Nadia Farès, volto noto del cinema e della televisione francese, è morta a 57 anni dopo un incidente avvenuto in una piscina di un impianto sportivo nel IX arrondissement di Parigi. La notizia, riferita dall’Afp con fonti familiari, ha colpito il mondo dello spettacolo per la natura improvvisa dell’evento e per il ruolo centrale che l’attrice aveva mantenuto negli ultimi decenni.
L’attrice era stata trovata priva di sensi sabato pomeriggio all’interno della vasca; soccorsa sul posto, è stata trasferita alla Pitié-Salpêtrière dove è stata ricoverata in terapia intensiva e sottoposta a coma farmacologico. La famiglia ha confermato il decesso nelle ore successive.
Il percorso artistico e il salto di popolarità
Nata nel 1968, Nadia Farès aveva costruito una carriera costellata di ruoli in film e serie televisive francesi e internazionali. A renderla riconoscibile al grande pubblico fu il thriller del 2000 diretto da Mathieu Kassovitz, che la mise accanto a Jean Reno e Vincent Cassel e trasformò il progetto in un successo commerciale oltre confine.
Quel film, adattamento del romanzo di Jean‑Christophe Grangé, contribuì a lanciare definitivamente il suo nome sul palcoscenico europeo; negli anni seguenti Farès ha continuato a lavorare regolarmente, comparendo anche nella serie originale Netflix Marseille, con Gérard Depardieu, che l’ha riportata all’attenzione di spettatori internazionali.
Più di recente aveva partecipato al lungometraggio diretto da Jacques Ouaniche, intitolato Toujours Possible, in cui recitava insieme a Amanda Lear, segno che la sua attività artistica rimaneva viva fino ai mesi scorsi.
Perché la notizia conta oggi
La scomparsa arriva in un momento in cui il panorama cinematografico francese e le piattaforme di streaming continuano a valorizzare volti e carriere consolidate. Per il pubblico e per gli addetti ai lavori la perdita di Farès rappresenta sia un lutto personale sia la fine di una voce artistica presente in progetti che hanno raggiunto un pubblico europeo.
- Età: 57 anni
- Luogo dell’incidente: piscina di un impianto sportivo nel IX arrondissement di Parigi
- Ospedale: Pitié‑Salpêtrière (ricovero in terapia intensiva e coma farmacologico)

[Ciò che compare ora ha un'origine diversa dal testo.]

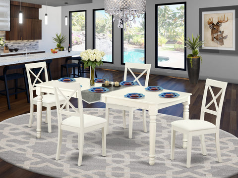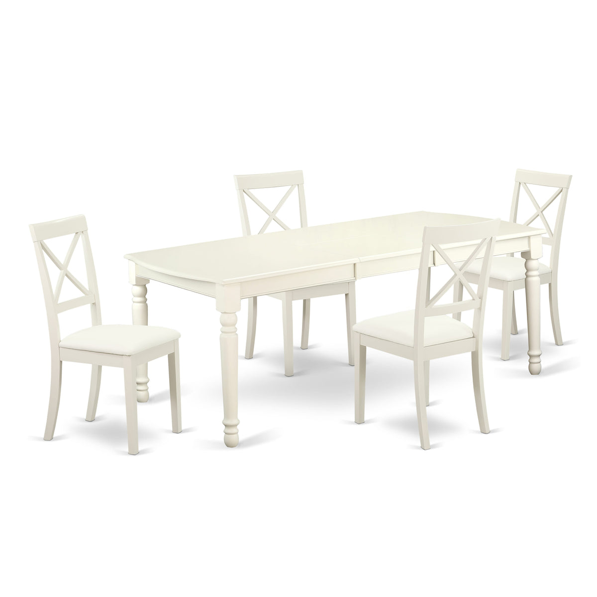 DOBO5-CF5-DD Elegant 5-Piece Dining Set, Expandable Rectangular Table & 4 Faux Leather Seats, 42x78 Linen White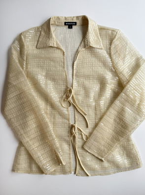 Made from recycled polyester and embellished with recycled sequins, this top is an autumn-winter essential. In a fitted shape, it comes with a high round neck and will turn heads at parties.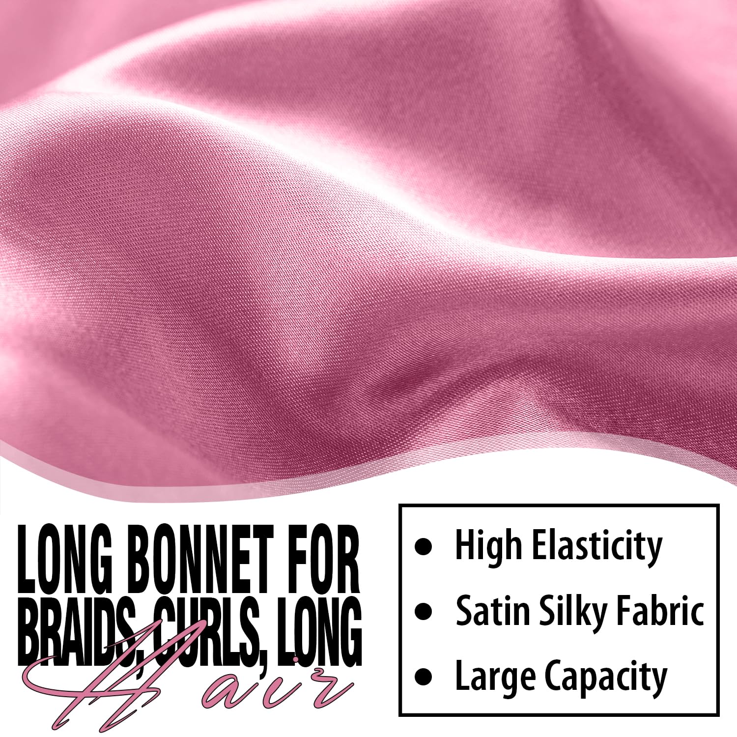 2Pcs Bonnets for Black Women Braid Bonnet, Large Long Satin Silk Bonnet for Braids,Black Women Braid Bonnet with Stretchy Tie Band for Sleeping Extra Long (Purple & Pink Pattern)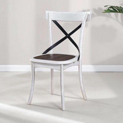 CAVINAS Farmhouse Wood Dining Chair with X-Back, Rustic Acacia Wood Frame, Country Style Kitchen or Dining Room Chair, Set of 2, Gray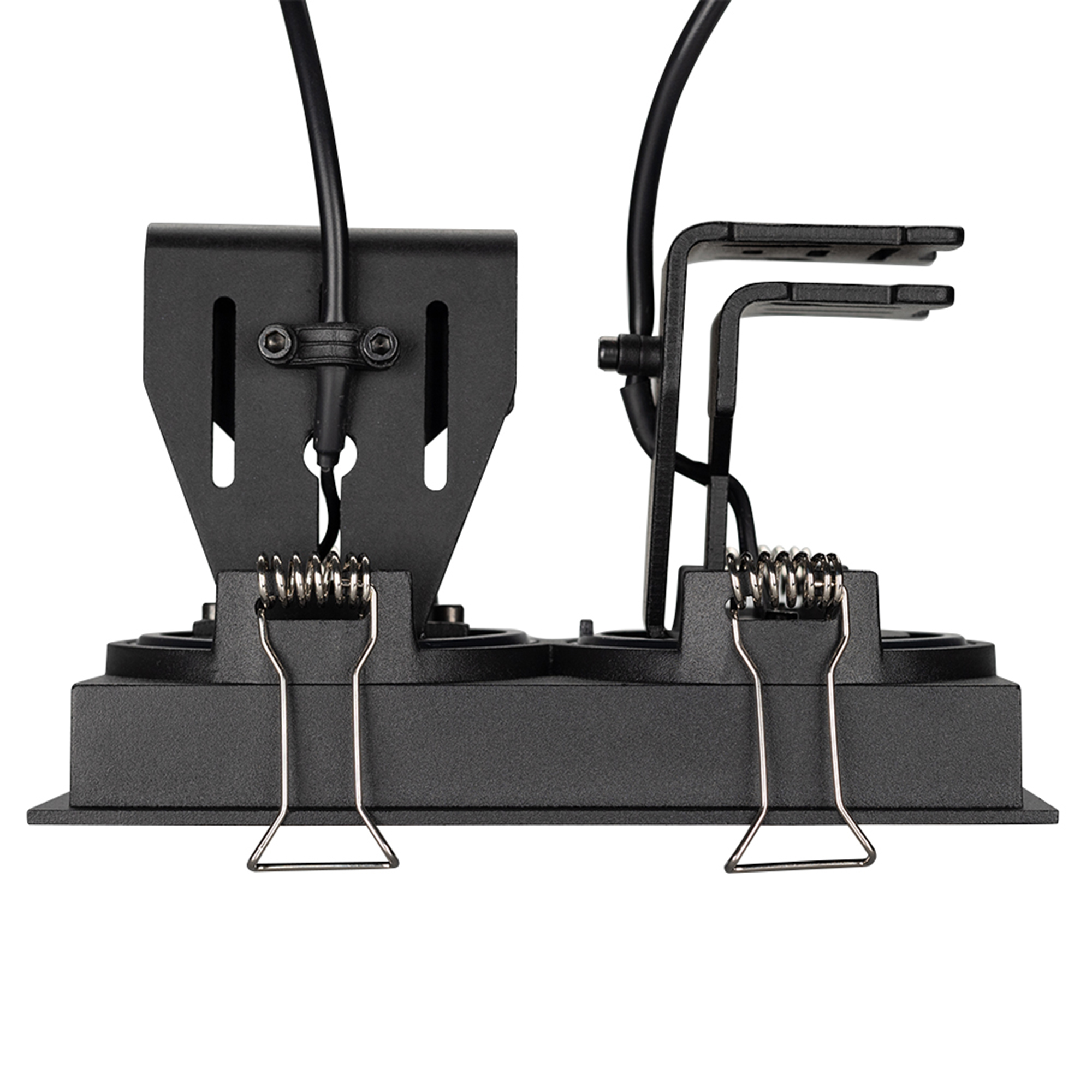 Встраиваемый поворотный светильник для потолка. Мощность 2x9W, цвет ТЕПЛЫЙ 3000K, св.поток 1260лм, угол 45°, RA>90. Корпус прямоугольный черный. Питание AC180-240V. Размеры LxWxH 148x80x90мм. Установка в отверстие 140x70мм. Драйвер в комплекте 2 шт (30-45V, 220mA).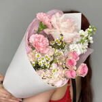 Погрузитесь в изысканную элегантность наших специальных букетов от флористов. Этот ручной букет включает два нежно-розовых гвоздики, осторожно окруженные парой сияющих ромашек. Композиция дополнительно украшена парой спрей-роз, которые излучают завораживающий аромат, одной величественной гортензией, одной розовой розой, отражающей красоту, а также тщательно подобранным цветком маттиолы. Собран с любовью и создан для захватывающего впечатления, этот букет наверняка покорит сердца и создаст моменты, которые стоит запомнить.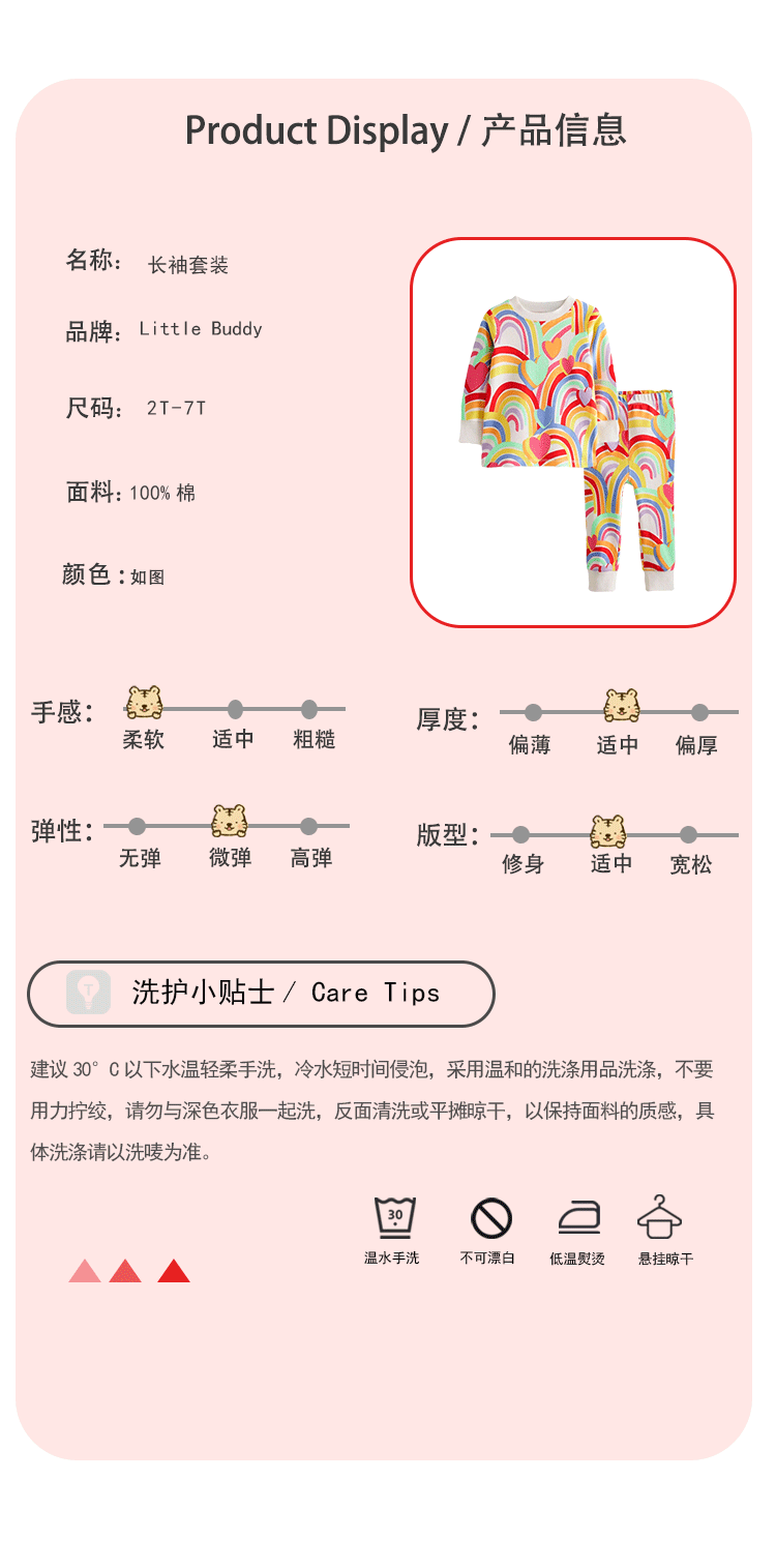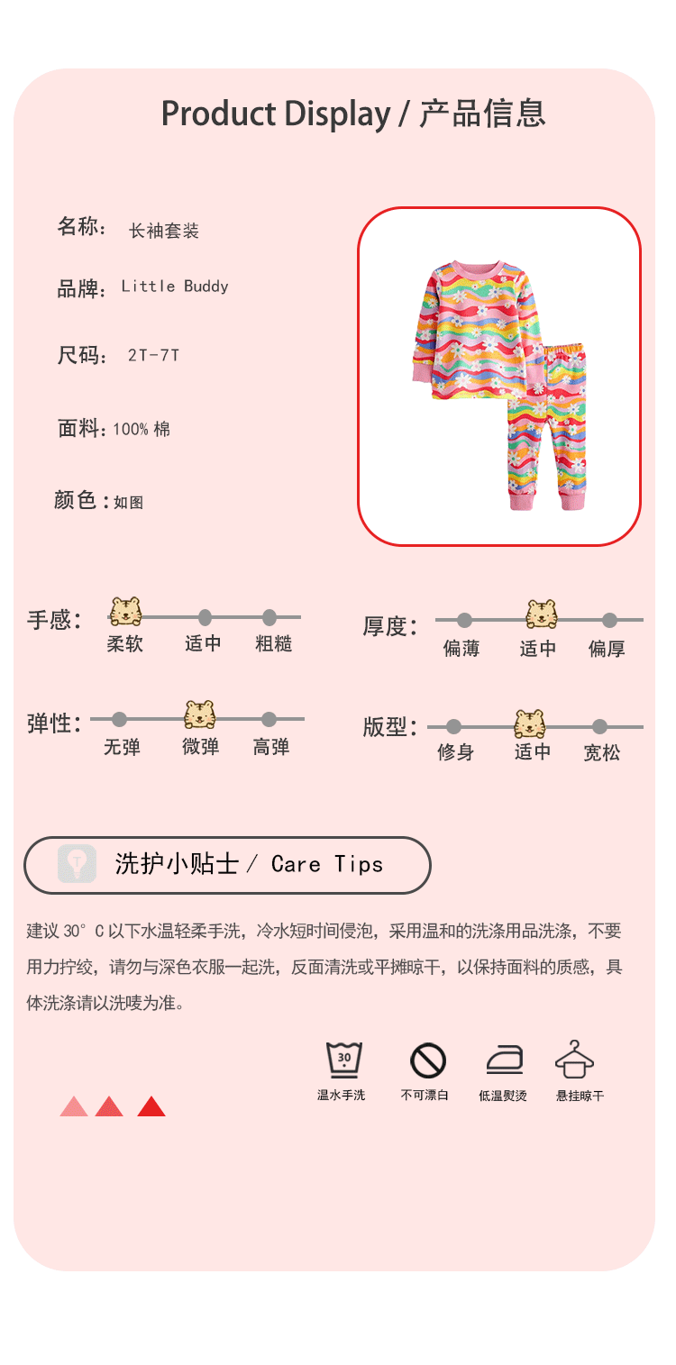 어린이 의류 면화 소녀 아기 만화 긴 소매 홈 의류 세트 잠옷베이스-편안한 착용

- Ruolo chiave: interprete ne Les Rivières Pourpres (2000), regia di Mathieu Kassovitz
- Altri lavori noti: serie Marseille (Netflix); film Toujours Possible di Jacques Ouaniche
Al momento le informazioni disponibili provengono dalle dichiarazioni dei figli riportate dall’AFP; non ci sono al momento dettagli ufficiali sulle cause precise dell’incidente. Le autorità competenti e la struttura sanitaria non hanno rilasciato ulteriori comunicazioni pubbliche oltre alla conferma del ricovero e del decesso.
Colleghi, professionisti del cinema e spettatori potrebbero nelle prossime ore esprimere messaggi di cordoglio o ricordare la carriera dell’attrice attraverso interviste, tributi e rassegne delle sue opere. Nel frattempo resta aperta la riflessione sul rischio legato alle attività sportive in contesti pubblici e sulla necessità di protocolli di sicurezza adeguati.
La morte di Nadia Farès segna la fine di una carriera che aveva saputo attraversare generi e media diversi: il cinema d’autore e di genere, la serialità contemporanea e il grande schermo europeo. Per chi l’ha seguita, resta il ricordo di una presenza capace di attraversare ruoli intensi e variegati.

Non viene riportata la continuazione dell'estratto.